Exercise inputs.
- Opening Delimiter -

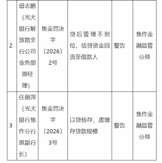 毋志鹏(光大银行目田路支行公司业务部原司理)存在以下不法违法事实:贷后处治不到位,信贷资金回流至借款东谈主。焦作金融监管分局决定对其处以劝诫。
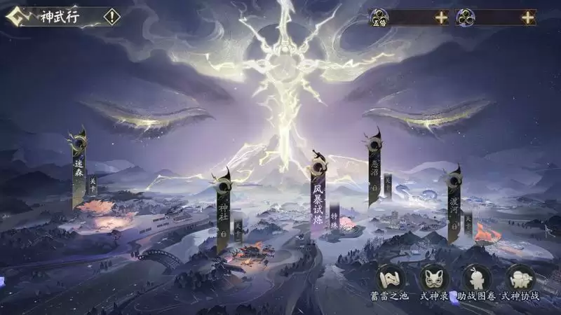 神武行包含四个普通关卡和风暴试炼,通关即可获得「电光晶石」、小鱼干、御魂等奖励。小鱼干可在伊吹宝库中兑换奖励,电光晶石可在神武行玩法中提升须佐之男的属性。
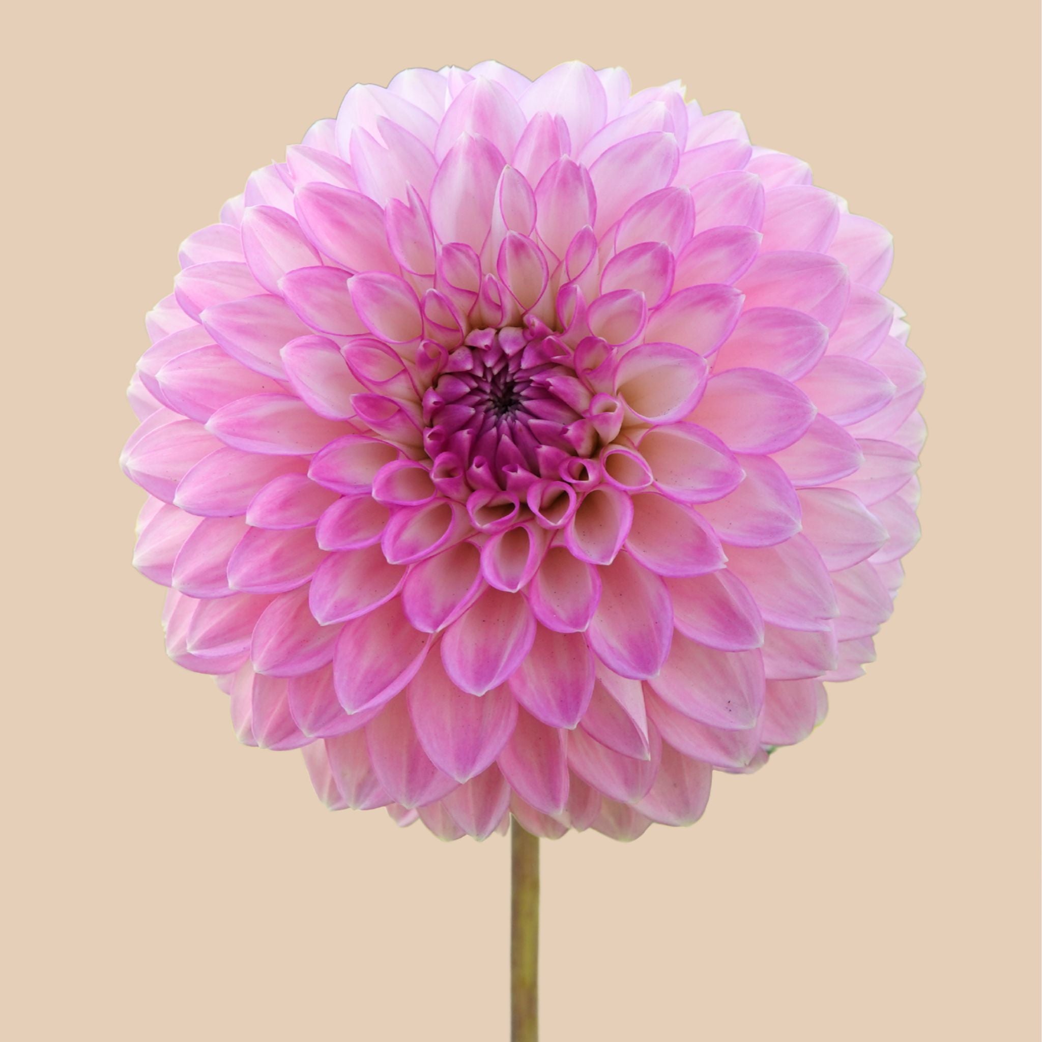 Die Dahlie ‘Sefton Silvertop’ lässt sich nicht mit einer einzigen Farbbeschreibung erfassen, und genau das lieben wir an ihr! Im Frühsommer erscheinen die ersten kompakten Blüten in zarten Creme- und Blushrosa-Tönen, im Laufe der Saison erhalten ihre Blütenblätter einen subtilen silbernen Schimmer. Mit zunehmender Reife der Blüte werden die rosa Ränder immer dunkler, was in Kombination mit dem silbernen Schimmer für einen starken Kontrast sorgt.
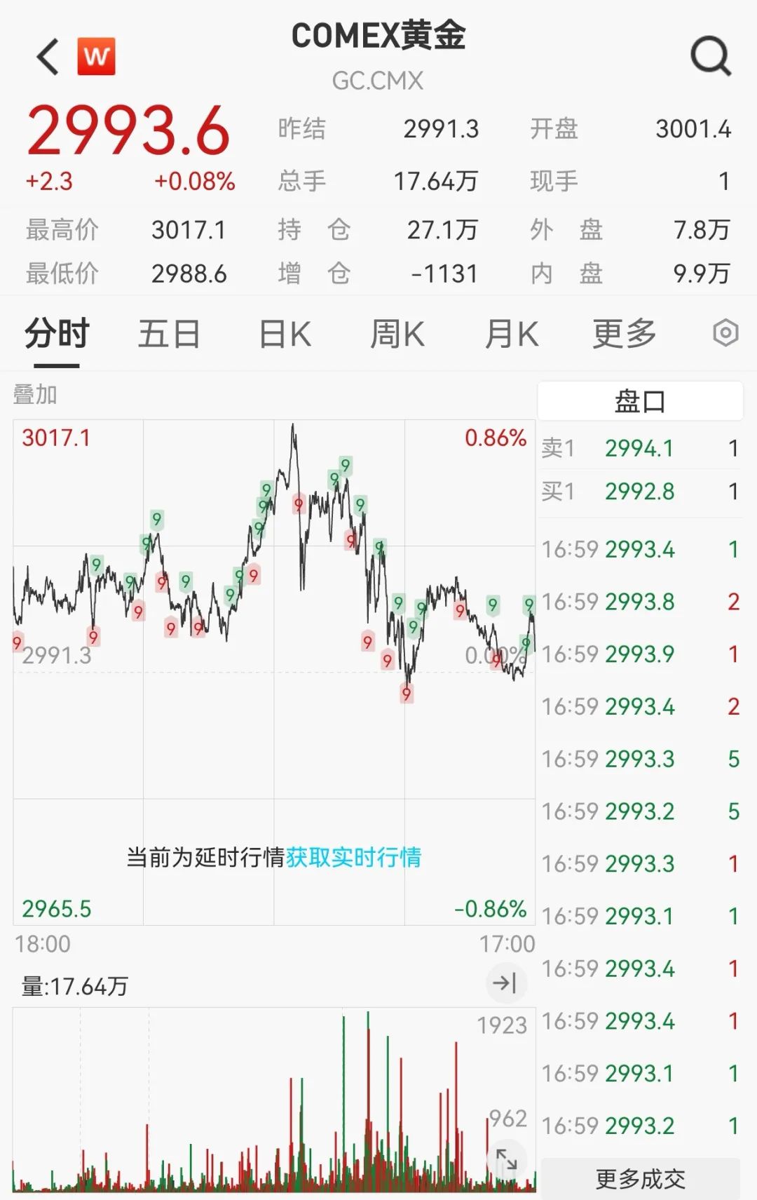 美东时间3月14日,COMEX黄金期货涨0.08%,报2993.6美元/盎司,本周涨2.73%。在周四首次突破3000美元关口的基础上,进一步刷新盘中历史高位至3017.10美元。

- Closing Delimiter -
- Opening Delimiter -

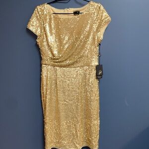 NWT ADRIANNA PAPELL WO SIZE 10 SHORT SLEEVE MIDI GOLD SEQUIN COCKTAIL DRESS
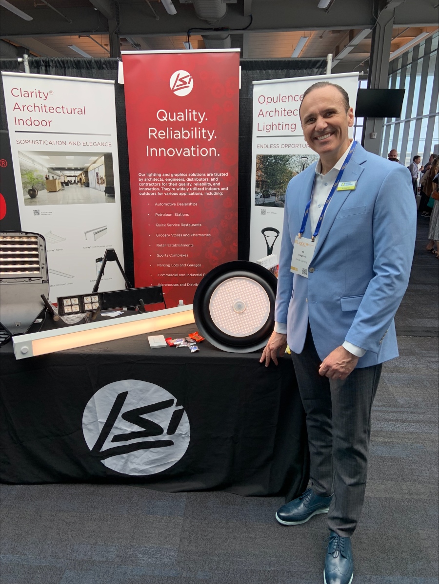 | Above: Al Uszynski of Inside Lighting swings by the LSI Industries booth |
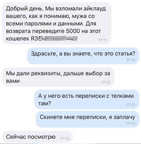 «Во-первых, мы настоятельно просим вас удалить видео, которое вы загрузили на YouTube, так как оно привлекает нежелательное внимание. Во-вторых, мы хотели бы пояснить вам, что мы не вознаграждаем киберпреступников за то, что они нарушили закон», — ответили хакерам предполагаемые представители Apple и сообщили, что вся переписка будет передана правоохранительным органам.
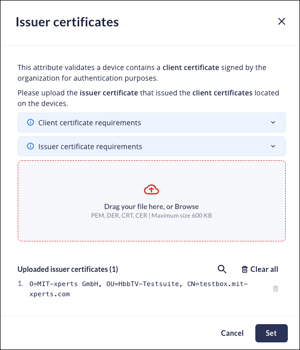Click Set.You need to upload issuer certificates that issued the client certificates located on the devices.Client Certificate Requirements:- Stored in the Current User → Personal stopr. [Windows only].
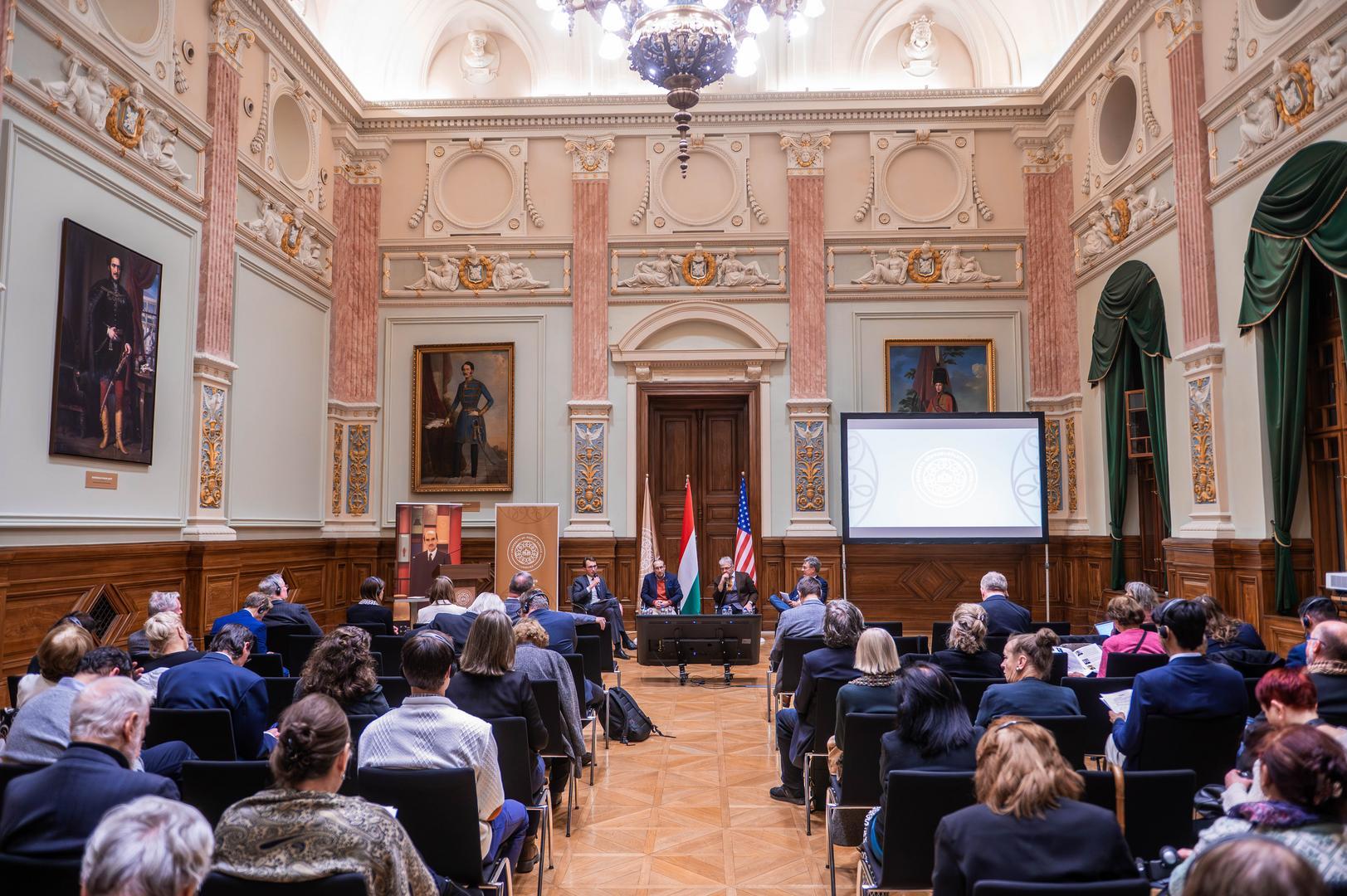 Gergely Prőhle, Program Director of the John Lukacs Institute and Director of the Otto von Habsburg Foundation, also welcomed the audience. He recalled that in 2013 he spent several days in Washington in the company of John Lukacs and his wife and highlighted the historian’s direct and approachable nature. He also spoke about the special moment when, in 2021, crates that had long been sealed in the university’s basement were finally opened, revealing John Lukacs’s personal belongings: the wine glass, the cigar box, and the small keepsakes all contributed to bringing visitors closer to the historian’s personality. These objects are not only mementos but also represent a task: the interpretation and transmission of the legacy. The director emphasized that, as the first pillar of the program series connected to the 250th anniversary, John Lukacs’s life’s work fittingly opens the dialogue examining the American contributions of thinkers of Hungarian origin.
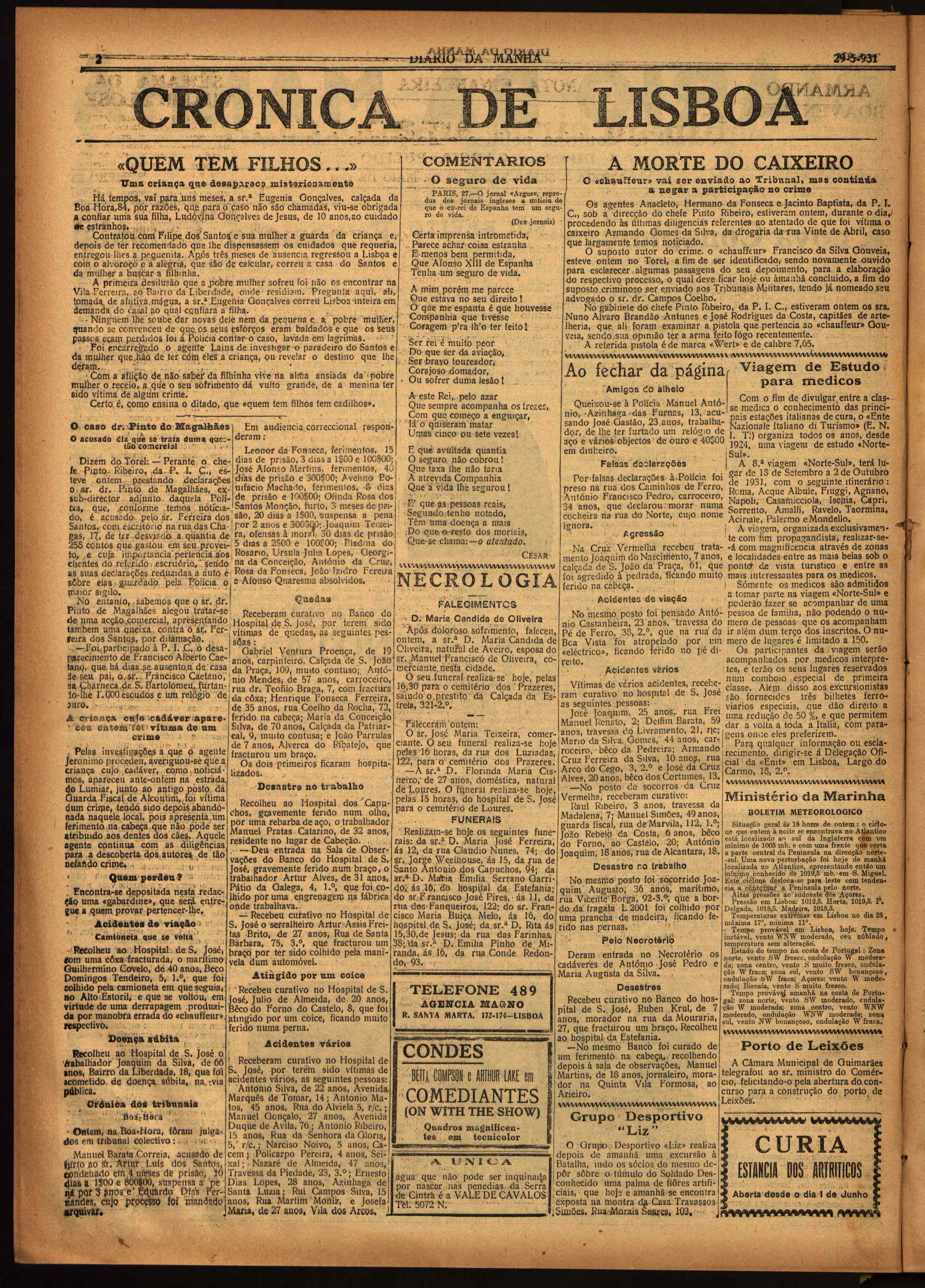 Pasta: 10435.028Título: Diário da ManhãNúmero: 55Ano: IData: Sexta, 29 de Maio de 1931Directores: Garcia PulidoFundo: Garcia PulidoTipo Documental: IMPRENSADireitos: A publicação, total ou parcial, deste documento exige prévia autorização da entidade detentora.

- Closing Delimiter -
- Opening Delimiter -

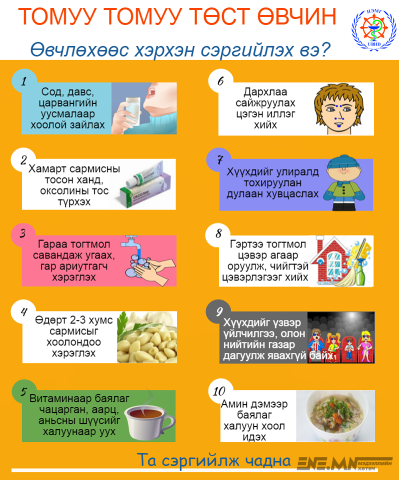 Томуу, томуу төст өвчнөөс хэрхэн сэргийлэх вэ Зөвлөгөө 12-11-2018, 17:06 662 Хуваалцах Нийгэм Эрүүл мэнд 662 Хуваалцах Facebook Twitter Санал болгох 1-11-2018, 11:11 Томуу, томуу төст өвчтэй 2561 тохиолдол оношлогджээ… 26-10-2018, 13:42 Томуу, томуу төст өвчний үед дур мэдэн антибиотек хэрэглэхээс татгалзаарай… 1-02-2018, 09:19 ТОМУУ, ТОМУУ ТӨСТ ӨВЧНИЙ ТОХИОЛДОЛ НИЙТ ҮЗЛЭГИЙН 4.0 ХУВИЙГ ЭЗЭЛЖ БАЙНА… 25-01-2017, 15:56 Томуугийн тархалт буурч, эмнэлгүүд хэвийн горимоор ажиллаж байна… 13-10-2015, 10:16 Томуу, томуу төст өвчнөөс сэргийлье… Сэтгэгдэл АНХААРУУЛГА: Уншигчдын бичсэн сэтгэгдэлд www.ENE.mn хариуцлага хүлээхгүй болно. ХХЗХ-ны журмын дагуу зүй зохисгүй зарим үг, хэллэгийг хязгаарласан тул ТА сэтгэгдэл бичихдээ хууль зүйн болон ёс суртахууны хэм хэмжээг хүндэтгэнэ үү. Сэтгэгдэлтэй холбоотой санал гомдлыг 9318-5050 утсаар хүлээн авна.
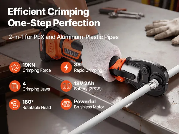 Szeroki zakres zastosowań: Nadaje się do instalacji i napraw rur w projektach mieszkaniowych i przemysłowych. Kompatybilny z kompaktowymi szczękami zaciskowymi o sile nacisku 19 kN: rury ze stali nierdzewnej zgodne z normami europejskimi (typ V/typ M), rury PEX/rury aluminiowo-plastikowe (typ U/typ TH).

- Closing Delimiter -

Print, exactly, each line above from the one with "毋志鹏(光大银行目田路支行公" to the one with "Die Dahlie ‘Sefton", end lines included. Leave pictures out of it.

The answer.
 毋志鹏(光大银行目田路支行公司业务部原司理)存在以下不法违法事实:贷后处治不到位,信贷资金回流至借款东谈主。焦作金融监管分局决定对其处以劝诫。
 神武行包含四个普通关卡和风暴试炼,通关即可获得「电光晶石」、小鱼干、御魂等奖励。小鱼干可在伊吹宝库中兑换奖励,电光晶石可在神武行玩法中提升须佐之男的属性。
 Die Dahlie ‘Sefton Silvertop’ lässt sich nicht mit einer einzigen Farbbeschreibung erfassen, und genau das lieben wir an ihr! Im Frühsommer erscheinen die ersten kompakten Blüten in zarten Creme- und Blushrosa-Tönen, im Laufe der Saison erhalten ihre Blütenblätter einen subtilen silbernen Schimmer. Mit zunehmender Reife der Blüte werden die rosa Ränder immer dunkler, was in Kombination mit dem silbernen Schimmer für einen starken Kontrast sorgt.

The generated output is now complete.